Mean, Standard Deviation and Variance

gsl_stats_mean(data)

This function returns the arithmetic mean of data, a dataset of length n with stride stride. The arithmetic mean, or sample mean, is denoted by \(\hat{\mu}\) and defined as,

\[\hat{\mu}= {1 \over N} \sum x_i\]

where \(x_i\) are the elements of the dataset data. For samples drawn from a gaussian distribution the variance of \(\hat{\mu}\) is \(\sigma^2 / $N\).

gsl_stats_variance(data)

This function returns the estimated, or sample, variance of data a dataset of length n. The estimated variance is denoted by \(\hat{\sigma^2}\) and is defined by,

\[{\hat{\sigma}}^2 = {1 \over (N-1)} \sum (x_i - {\hat{\mu}})^2\]

where \(x_i\) are the elements of the dataset data. Note that the normalization factor of \(1/(N-1)\) results from the derivation of \(\hat{\sigma}^2\) as an unbiased estimator of the population variance \(\sigma^2\). For samples drawn from a Gaussian distribution the variance of \(\hat{\sigma}^2\) itself is \(2 \sigma^4 / N\).

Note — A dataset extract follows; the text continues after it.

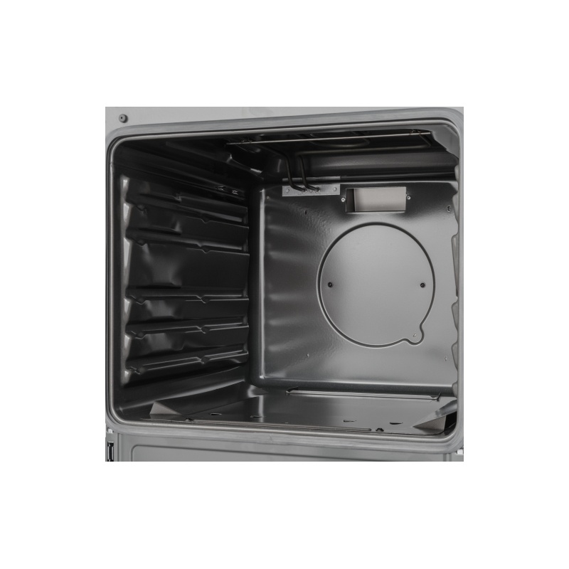 4 gaasipõletit, gaasilekke kontroll, gaasiahi, grill, ahju maht 67 l, ahju uks kahekordse klaasiga, 1 küpsetusplaat, 1 küpsetusrest, ahju kiirkuumutus, retseptid ahjuukse siseküljel, malmist anumate toed, nõude hoidmise ruum, k*l*s 85*50*60 cm, värv roostevaba teras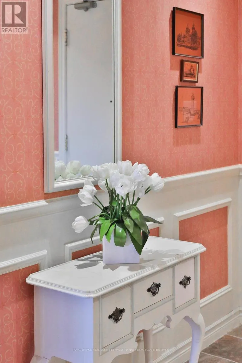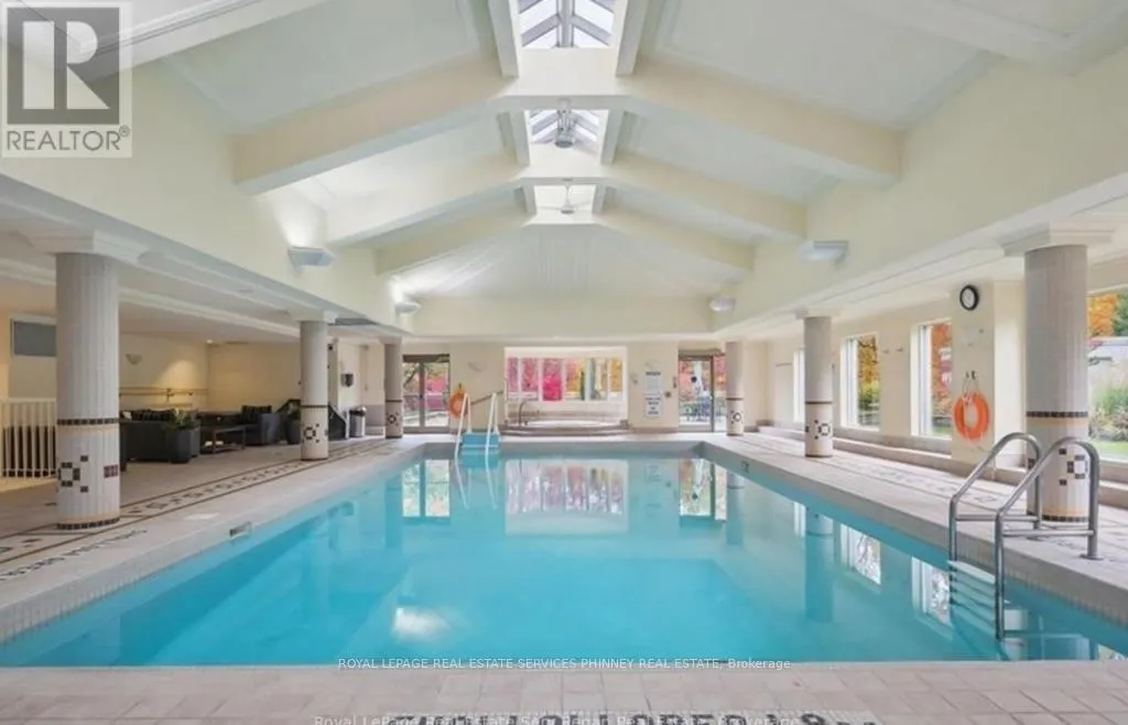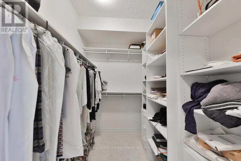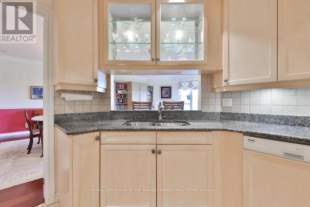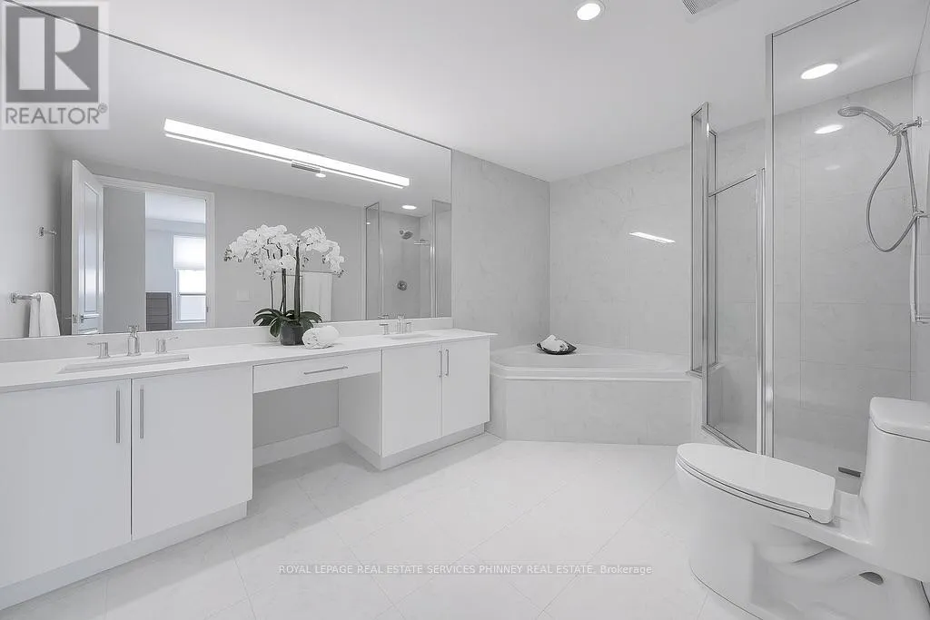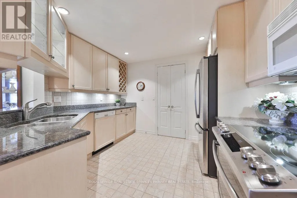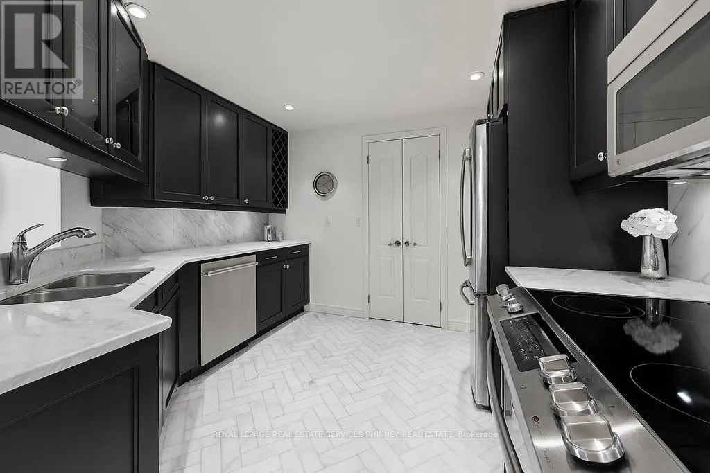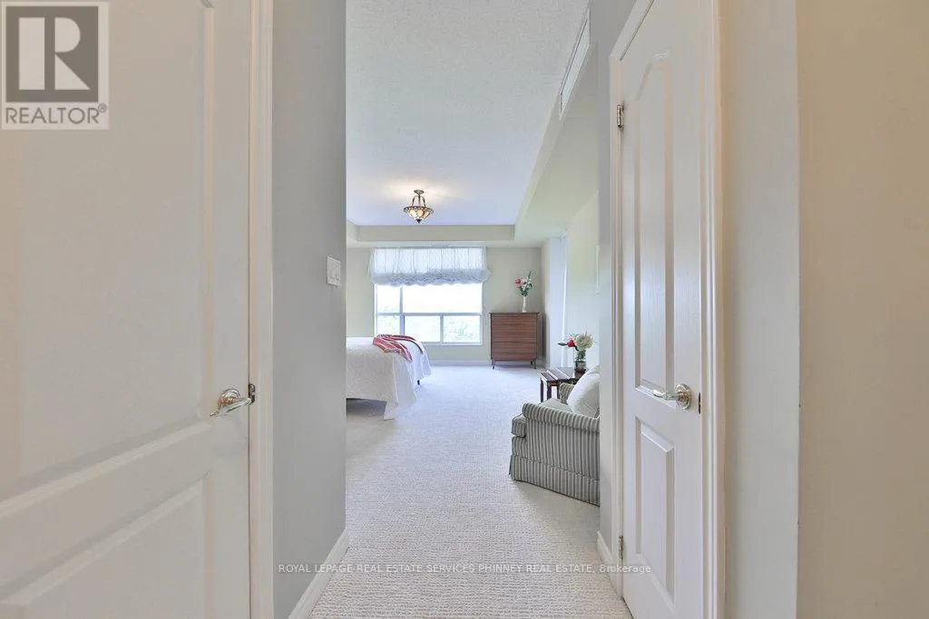 The Collegeway & Mississauga Rd Welcome to The Palace, one of Mississauga's most prestigious and highly sought-after condominium communities. This upscale residence offers a wealth of amenities, including concierge, fitness centre, indoor pool, car wash station, underground visitor parking, and more. This desirable 2-bedroom, 2.5-bath "07" model boasts a tranquil easterly exposure, offering treetop views of the picturesque Sawmill Valley Trail. Spanning 1,732 sqft, the unit features a thoughtfully designed and functional layout. The tasteful open-concept living and dining area is perfect for everyday life, accentuated by stylish wainscoting and complete with a cozy gas fireplace and custom built-in bookshelves. The kitchen provides ample storage and sightline into the main living spaces, making it both practical and inviting. The spacious primary bedroom includes a walk-in closet, a luxurious 5-piece ensuite, and walk-out access to the oversized balcony. The second bedroom, accessed through elegant French doors, also features a walk-in closet, its own 4-piece ensuite, and walk-out to the balcony. Life at The Palace offers sophisticated, resort-style living with all the conveniences of a central location-yet comfortably removed from the city's hustle and bustle. Experience refined living at its finest. One underground parking space close to the elevator and a sizeable storage locker also included (id:27476)

This function computes the mean via a call to gsl_stats_mean(). If you have already computed the mean then you can pass it directly to gsl_stats_variance_m().

gsl_stats_variance_m(data, mean)

This function returns the sample variance of data relative to the given value of mean. The function is computed with \(\hat{\mu}\) replaced by the value of mean that you supply,

\[{\hat{\sigma}}^2 = {1 \over (N-1)} \sum (x_i - mean)^2\]
gsl_stats_sd(data)
gsl_stats_sd_m(data, mean)

The standard deviation is defined as the square root of the variance. These functions return the square root of the corresponding variance functions above.

gsl_stats_tss(data)
gsl_stats_tss_m(data, mean)

These functions return the total sum of squares(TSS) of data about the mean.For gsl_stats_tss_m() the user - supplied value of mean is used, and for gsl_stats_tss() it is computed using gsl_stats_mean().

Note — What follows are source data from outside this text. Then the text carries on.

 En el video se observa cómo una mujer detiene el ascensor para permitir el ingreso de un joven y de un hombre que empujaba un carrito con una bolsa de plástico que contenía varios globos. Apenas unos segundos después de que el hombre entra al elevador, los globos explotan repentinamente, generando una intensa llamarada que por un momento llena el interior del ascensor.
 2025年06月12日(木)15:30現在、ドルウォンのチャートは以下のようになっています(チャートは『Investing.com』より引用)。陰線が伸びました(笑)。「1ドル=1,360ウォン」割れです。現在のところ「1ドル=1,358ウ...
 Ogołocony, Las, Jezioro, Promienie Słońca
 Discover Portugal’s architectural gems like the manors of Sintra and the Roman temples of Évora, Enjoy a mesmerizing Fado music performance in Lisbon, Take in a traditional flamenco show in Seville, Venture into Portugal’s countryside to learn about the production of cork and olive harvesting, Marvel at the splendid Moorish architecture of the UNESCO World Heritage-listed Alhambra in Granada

\[{\rm TSS} = \sum(x_i - mean) ^ 2\]
gsl_stats_variance_with_fixed_mean(data, mean)

This function computes an unbiased estimate of the variance of data when the population mean mean of the underlying distribution is known a priori .In this case the estimator for the variance uses the factor \(1/N\) and the sample mean \(\hat{\mu}\) is replaced by the known population mean \(\mu\),

\[{\hat{\sigma}} ^ 2 = { 1 \over N } \sum(x_i - \mu) ^ 2\]
gsl_stats_sd_with_fixed_mean(data, mean)

This function calculates the standard deviation of data for a fixed population mean mean. The result is the square root of the corresponding variance function.